[THE DATA Boundary: Start]

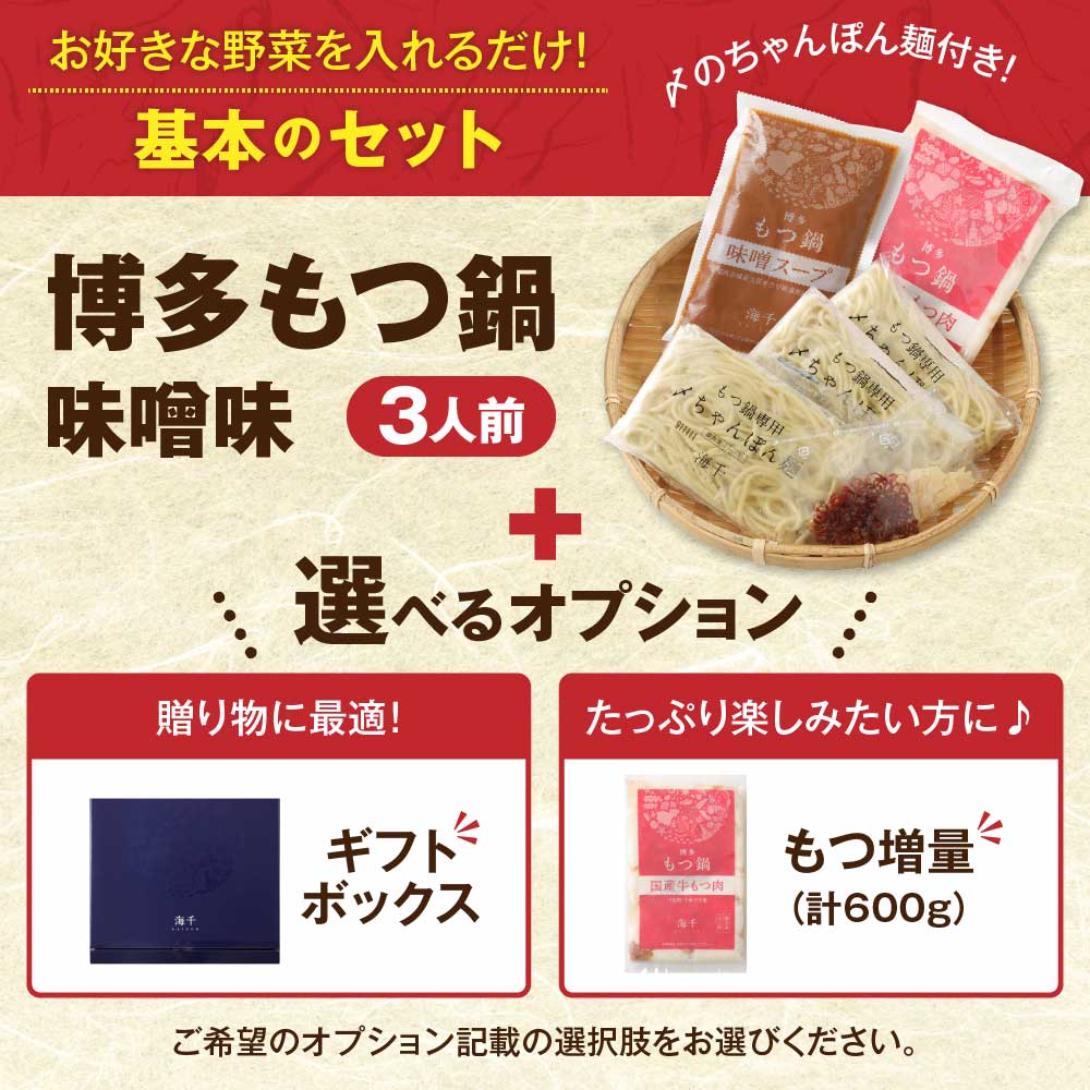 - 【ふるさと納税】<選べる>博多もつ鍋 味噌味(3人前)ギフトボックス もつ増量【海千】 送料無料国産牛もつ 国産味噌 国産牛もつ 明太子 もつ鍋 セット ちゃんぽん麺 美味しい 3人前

[THE DATA Boundary: End]
[THE DATA Boundary: Start]

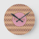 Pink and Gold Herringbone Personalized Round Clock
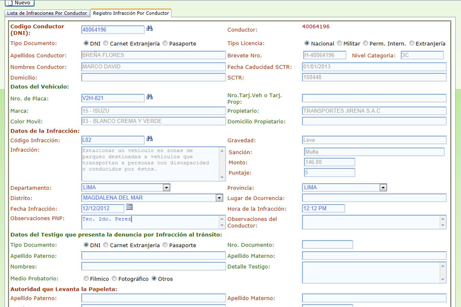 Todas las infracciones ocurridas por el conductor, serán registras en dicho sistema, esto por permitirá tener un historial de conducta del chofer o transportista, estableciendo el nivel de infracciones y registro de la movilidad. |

[THE DATA Boundary: End]

◆ YOUR ASSIGNMENT
Only one part of the material above is wanted: the lines from the one with "Pink and Gold" up to and including the one with "Todas las infracciones". Please copy them exactly, pictures left out.

◆ OUTPUT FOR THIS EXERCISE
 Pink and Gold Herringbone Personalized Round Clock
 Todas las infracciones ocurridas por el conductor, serán registras en dicho sistema, esto por permitirá tener un historial de conducta del chofer o transportista, estableciendo el nivel de infracciones y registro de la movilidad. |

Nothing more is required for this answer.